DATA SEGMENT START
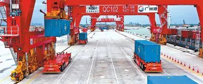 在广州港南沙四期工程实船联合调试现场,无人驾驶智能导引车在运输集装箱。这套自动化操作系统融合了北斗导航、5G通信、人工智能等先进技术,我国拥有完全自主知识产权。
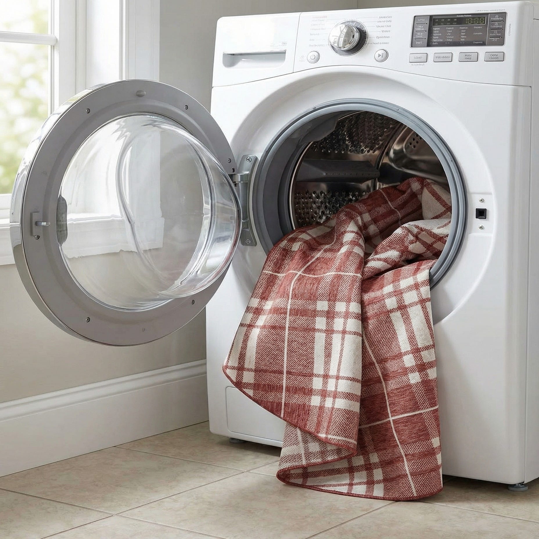 A timeless checkered plaid in warm red and ivory creates a clean, structured look that feels both classic and casual. The pattern arranges crisp ivory grid lines over a red field, with subtle crosshatch shading that adds visual texture without overwhelming the design. Machine-made from 100% polypropylene, the rug has a low-profile, tightly woven surface that offers a slightly textured hand and a firm, stable feel underfoot.
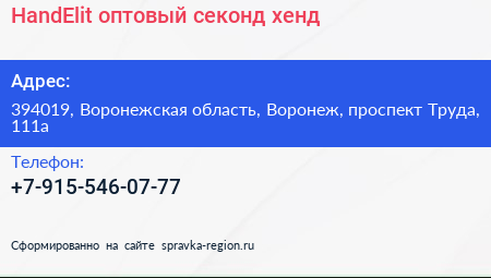 HandElit, оптовый секонд-хенд по адресу 394019, Воронежская область, Воронеж, проспект Труда, 111а в дальнейшем Организация, размещена в следующих категориях:
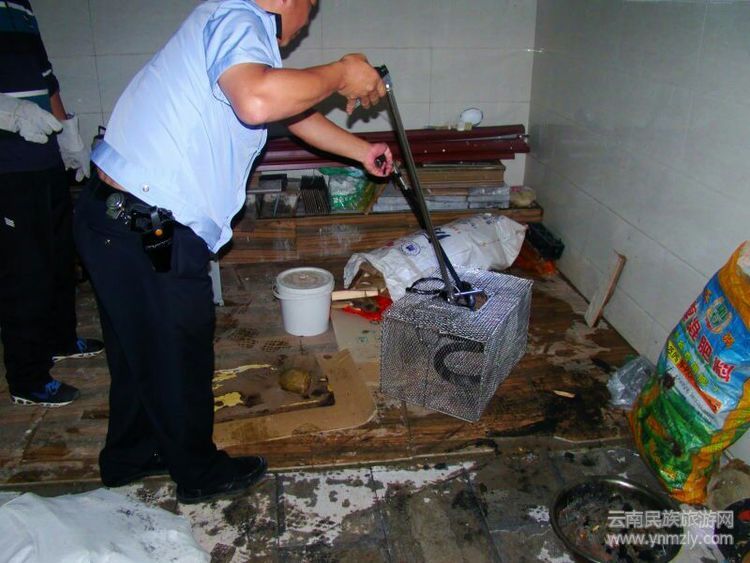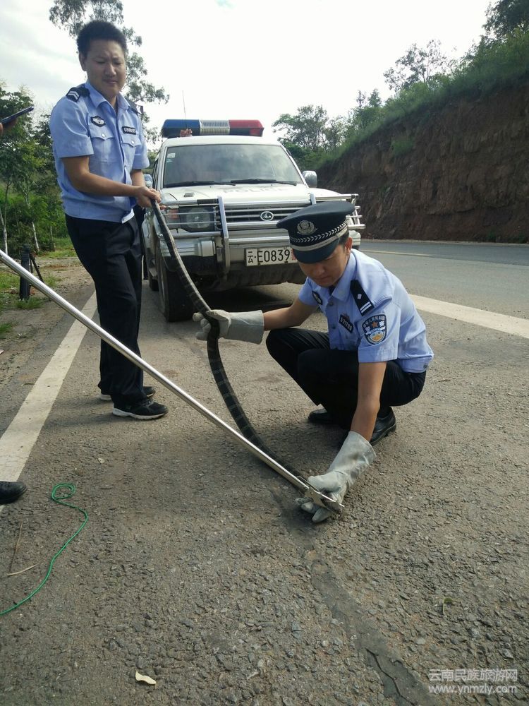 接警后永仁縣森林公安局局長(zhǎng)劉喜立即帶領(lǐng)有豐富捕蛇經(jīng)驗(yàn)的民警帶上捕蛇工具前往現(xiàn)場(chǎng)處置。到達(dá)現(xiàn)場(chǎng)后,經(jīng)過(guò)二十分鐘的搜尋,終于在一個(gè)雜物間的角落里看見(jiàn)一條約有茶杯粗,昂著頭吐著信子的眼鏡蛇,見(jiàn)狀民警用蛇夾小心將其夾住放入蛇籠當(dāng)中,安全隱患解除,報(bào)警人連聲說(shuō)謝謝,感謝森林公安為他家消除危險(xiǎn),并打趣的說(shuō):“今天是彝族人民‘火把節(jié)’開(kāi)始的第一天,我們?nèi)疑舷露即┦⒀b,唱酒歌,祈福祝愿來(lái)年日子越來(lái)越紅火,這么大的眼鏡蛇也來(lái)我家湊熱鬧,看來(lái)來(lái)年要發(fā)財(cái)了。”
DATA SEGMENT END
THE TASK:
Excluding pictures, reproduce the listing above exactly as it stands.

RESPONSE BOX:
 在广州港南沙四期工程实船联合调试现场,无人驾驶智能导引车在运输集装箱。这套自动化操作系统融合了北斗导航、5G通信、人工智能等先进技术,我国拥有完全自主知识产权。
 A timeless checkered plaid in warm red and ivory creates a clean, structured look that feels both classic and casual. The pattern arranges crisp ivory grid lines over a red field, with subtle crosshatch shading that adds visual texture without overwhelming the design. Machine-made from 100% polypropylene, the rug has a low-profile, tightly woven surface that offers a slightly textured hand and a firm, stable feel underfoot.
 HandElit, оптовый секонд-хенд по адресу 394019, Воронежская область, Воронеж, проспект Труда, 111а в дальнейшем Организация, размещена в следующих категориях:
 接警后永仁縣森林公安局局長(zhǎng)劉喜立即帶領(lǐng)有豐富捕蛇經(jīng)驗(yàn)的民警帶上捕蛇工具前往現(xiàn)場(chǎng)處置。到達(dá)現(xiàn)場(chǎng)后,經(jīng)過(guò)二十分鐘的搜尋,終于在一個(gè)雜物間的角落里看見(jiàn)一條約有茶杯粗,昂著頭吐著信子的眼鏡蛇,見(jiàn)狀民警用蛇夾小心將其夾住放入蛇籠當(dāng)中,安全隱患解除,報(bào)警人連聲說(shuō)謝謝,感謝森林公安為他家消除危險(xiǎn),并打趣的說(shuō):“今天是彝族人民‘火把節(jié)’開(kāi)始的第一天,我們?nèi)疑舷露即┦⒀b,唱酒歌,祈福祝愿來(lái)年日子越來(lái)越紅火,這么大的眼鏡蛇也來(lái)我家湊熱鬧,看來(lái)來(lái)年要發(fā)財(cái)了。”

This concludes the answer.